All exercises for this day are listed further below under Split Workout Exercises.


Kettlebell Split Workout Exercises

This is a list of all the exercises that are included in the workouts.

Day 1: Shoulders and chest


  • Strict front press
  • Floor chest press
  • Overhead hold with step out
  • Swing high pull
  • Side press
  • Bottoms-up press
  • Jerk into slow eccentric down phase
  • Armbar


Day 2: Legs


  • Racked squat
  • Calf raise
  • Stiff-legged deadlift
  • Racked Curtsy lunge
  • Sumo deadlift
  • Racked in-place lunge


Day 3: Back and abs

Erector Spinae
Latissimus Dorsi

  • Bent-over narrow dead row
  • Crunch into sit-up
  • Bent-over hybrid to wide dead row
  • Side bend
  • Jefferson curl
  • Low Spiderman plank
  • Ribbons into twist


Day 4: Arms and upper back


  • Double-arm hammer curl
  • Skull crusher
  • Single-arm kneeling curl
  • Shrug
  • Triceps extension
  • Shrug and upright row

You can get more information on the exercises from our full list of all kettlebell exercises here or buy the full program here. The full program has alternatives and progressions so that anyone can start this program no matter what level they’re at.

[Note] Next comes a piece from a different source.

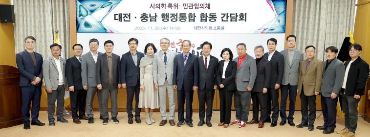 [무한뉴스=정민정 기자] 대전충남 행정통합 민관협의체는 26일 대전시의회 소통실에서 대전광역시의회 대전충남 행정통합 특별위원회과 합동 간담회를 열었다.

What’s Included in the Full Split Program?

Everything you need for the program and workouts is contained in the book.

  • Exercise photos
  • Workouts
  • 4-day split
  • 6-day split (can also be used as a 3-day split)
  • 12-week cycle
  • Optional cardio days
  • Free downloadable and printable program schedules


If you purchase this as a package from the Cavemantraining website then it will include over 10 hours worth of video content that you can watch. You can just press play and work out along to the workout videos. If you’re interested in seeing the technique for the exercises, just watch the technique videos. If you want to make sure to avoid common mistakes or learn about alternatives and progressions, just watch the videos.

The video content includes:

  1. Introduction
  2. Warm-up technique
  3. Workout technique
  4. Common mistakes
  5. Alternatives and progressions
  6. Following along warm-up
  7. Prep work
  8. Follow-along workout
  9. Follow-along cooldown
  10. and optional cardio days

There are 4 strength days and 3 optional cardio workouts to choose from to include as a 5th, or even 5th and 6th day depending on your goals and condition.